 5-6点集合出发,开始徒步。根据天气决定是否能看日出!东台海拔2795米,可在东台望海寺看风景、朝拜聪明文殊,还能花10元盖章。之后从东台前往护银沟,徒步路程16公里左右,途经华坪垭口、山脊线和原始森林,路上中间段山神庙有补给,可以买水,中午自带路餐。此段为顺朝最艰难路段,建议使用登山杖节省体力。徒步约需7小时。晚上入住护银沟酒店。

========================

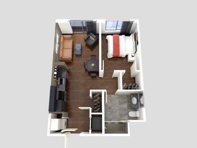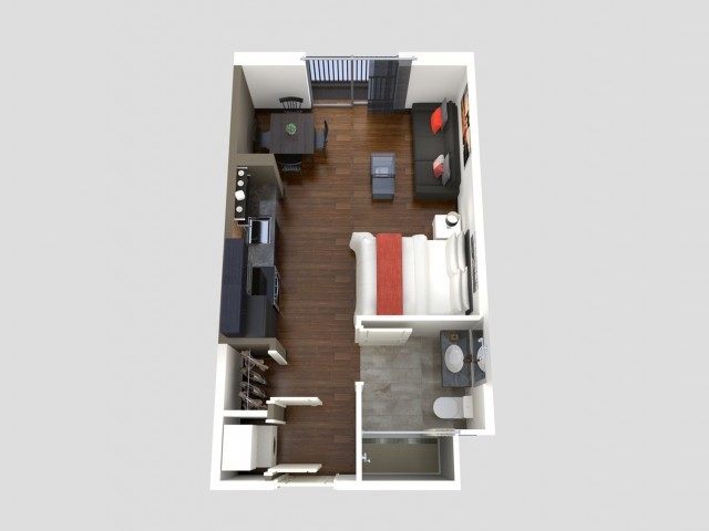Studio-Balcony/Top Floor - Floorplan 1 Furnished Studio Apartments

========================

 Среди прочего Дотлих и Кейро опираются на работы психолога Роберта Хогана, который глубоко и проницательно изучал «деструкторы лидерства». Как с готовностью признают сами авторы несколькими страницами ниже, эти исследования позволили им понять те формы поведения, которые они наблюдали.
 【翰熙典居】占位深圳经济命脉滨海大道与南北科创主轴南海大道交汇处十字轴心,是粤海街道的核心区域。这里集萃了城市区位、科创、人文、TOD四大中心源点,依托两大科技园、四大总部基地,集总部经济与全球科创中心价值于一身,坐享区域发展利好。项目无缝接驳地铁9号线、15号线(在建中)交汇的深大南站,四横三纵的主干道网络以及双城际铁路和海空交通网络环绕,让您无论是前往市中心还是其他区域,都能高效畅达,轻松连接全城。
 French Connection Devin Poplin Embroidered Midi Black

========================

Exercise aim >>
Only one part of the material above is to be transcribed, namely the lines starting with the line that has "Среди прочего Дотлих" and going on through the line that has "French Connection Devin", exactly as they stand.

Answer for the task >>
 Среди прочего Дотлих и Кейро опираются на работы психолога Роберта Хогана, который глубоко и проницательно изучал «деструкторы лидерства». Как с готовностью признают сами авторы несколькими страницами ниже, эти исследования позволили им понять те формы поведения, которые они наблюдали.
 【翰熙典居】占位深圳经济命脉滨海大道与南北科创主轴南海大道交汇处十字轴心,是粤海街道的核心区域。这里集萃了城市区位、科创、人文、TOD四大中心源点,依托两大科技园、四大总部基地,集总部经济与全球科创中心价值于一身,坐享区域发展利好。项目无缝接驳地铁9号线、15号线(在建中)交汇的深大南站,四横三纵的主干道网络以及双城际铁路和海空交通网络环绕,让您无论是前往市中心还是其他区域,都能高效畅达,轻松连接全城。
 French Connection Devin Poplin Embroidered Midi Black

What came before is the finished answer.